I still experience anxiety sometimes, but now it's a tool I use to propel my creative work rather than a condition that wears me out and weighs me down. Artists often have or have had some experience with anxiety or depression because we are so sensitive to the world around us.
We are seeing, hearing, feeling, absorbing and channeling what we take in into our art. It can be exhilarating and exhausting. I learned to enhance the first one and pretty much eliminate the other.
Now I don't mean that your story about writing and what it means to you has to be so dramatic. It doesn't. But is your writing practice life giving? Does it make you happy? Excited? Recharge you? Does it make your life feel more expansive, sparkly, deep, intense (in a good way)?
If so, excellent. Keep on keeping on. If not, it can!
I've tried a lot of cool stuff that I share with you on this site - an artist residency, big name conferences (yes, Bread Loaf), meetings with editors, collaborations with artists in other mediums (I once wrote poems to be read during an aerial performance with trapezes and hoops), a pilgrimage to sites related to one of my favorite authors (www.embarkingonacourseofstudy.com).
I've hosted poetry and performance marathons (6 hours!) and readings at book festivals. I've taught interesting classes (animations from poems, flash fiction, ten minute plays, ekphrastic and visual poetry) and I'm always looking for more to try.
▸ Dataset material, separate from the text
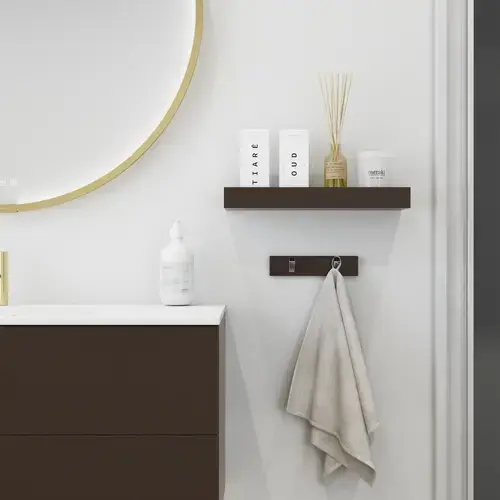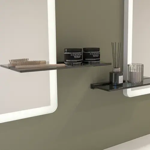 Praktiske hylder sætter prikken over i’et i din indretning af badeværelset og giver dig mulighed for at have de ting du ofte bruger tæt ved hånden. Placer dem ved siden af spejlet og udnyt pladsen under skråvæggen. Du kan vælge forskellige længder og lade hylderne følge væggens eller spejlets form.

More to experience and share with you, more to challenge you with to try yourself.
And I've done it long past the time when most do. In my thirties and forties. You are never too old to do anything. Never.
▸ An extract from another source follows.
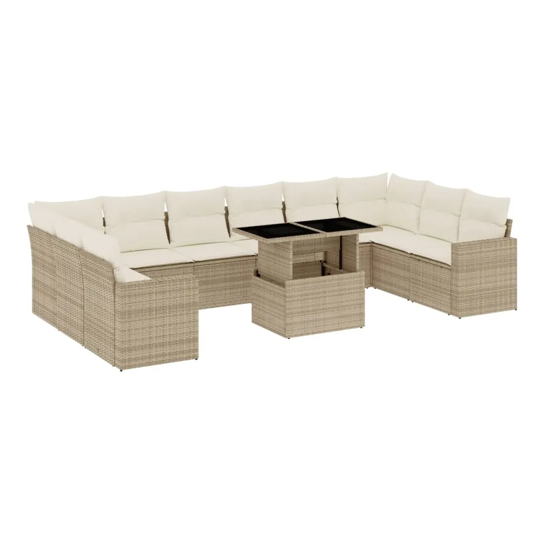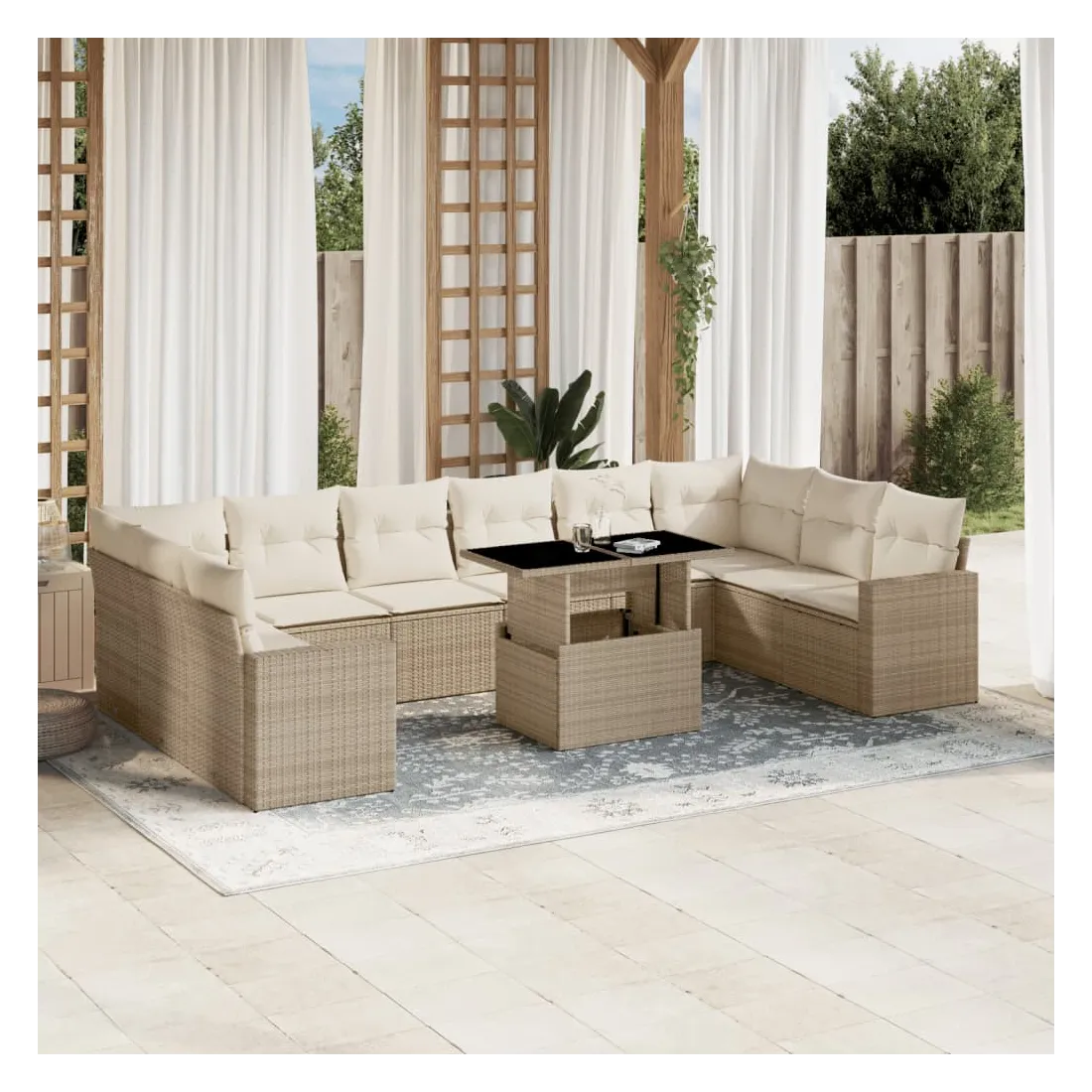 Cet ensemble de canapés de jardin est le complément parfait de votre arrière-cour, terrasse ou patio, offrant un espace confortable et accueillant pour discuter avec la famille et les amis ou simplement se détendre et profiter de l'extérieur. Matériau durable : la résine tressée, également connue sous le nom de poly rotin, est un matériau synthétique solide et nécessitant peu d'entretien qui ressemble au rotin naturel. Il est léger, facile à nettoyer et couramment utilisé pour les meubles d'extérieur en raison de sa durabilité et de ses propriétés de résistance aux intempéries.Dessus de table réglable : le dessus de table peut être soulevé pour rendre la table plus haute, ce qui transforme la table d'extérieur d'une table basse à une table de salle à manger. Elle est parfaite pour recevoir des invités ou prendre des repas à l'extérieur.Expérience d'assise confortable : ce mobilier d'extérieur, doté de coussins épais, offre une expérience d'assise confortable.Housse amovible et lavable : ces coussins de siège sont dotés de housses amovibles pour un lavage et un entretien faciles.Conception modulaire : cet ensemble de meubles d'extérieur a une conception modulaire, ce qui le rend complètement flexible et facile à déplacer, afin que vous puissiez créer un agencement de meubles d'extérieur personnalisé. Bon à savoir :Pour que vos meubles d'extérieur restent beaux, nous vous recommandons de les protéger avec une housse imperméable.

So read on for the credentials part below. And sign up for my posts. I took a break from them to write but will be posting more insights, exercises, and tips now. Don't miss out!
Fill out the email subscription form in the top right hand portion of this page and receive a free audio, a visualization to help you break through writing blocks.
And now for the serious stuff:
Christine Stewart is program director for literary arts with the Maryland State Arts Council. She also directs the National Endowment for the Arts' Poetry Out Loud program for Maryland.
A former artist-in-residence with Creative Alliance in Baltimore, she is the founding director of the wildly successful Write Here, Write Now workshops co-sponsored by CityLit Project. She has a M.A. and M.F.A. in creative writing and poetry, is the recipient of a Ruth Lilly Fellowship, a Pushcart Prize nominee, and has been published in Poetry, Ploughshares, Blackbird, The Cortland Review and other literary magazines. Her ten minute plays, Anesthesia (about where we 'go' under anesthesia--the surprising world and choices we find there), and Literary Land (inspired by Shannon Hale's novel 'Austenland,' about what happens when one takes a 'literary' vacation and plays the role of a heroine in a novel) have been performed in showcases for local playwrights.
Besides hosting the annual poetry marathon tradition, 'First Day,' a cavalcade of 50 poets, performers, and musicians at Creative Alliance, she has led workshops for the Odyssey Program at Johns Hopkins, and at Carver Center for Arts and Technology and The Baltimore Museum of Art, where her poetry, and that of her students was recorded and added to the audio tour for the permanent collection. She is the editor for the first Write Here, Write Now Workshops anthology, Freshly Squeezed, published by Apprentice House Press.
Chris will be teaching a one day seminar on delivering a pitch to agents and editors for the Johns Hopkins Odyssey program on March 31st, 2012.
Her next reading is at the Minas Gallery for Poetry In Baltimore's Essential Sundays series on December 11, 2011 at 4 p.m.
Poems are forthcoming in Baltimore Fishbowl.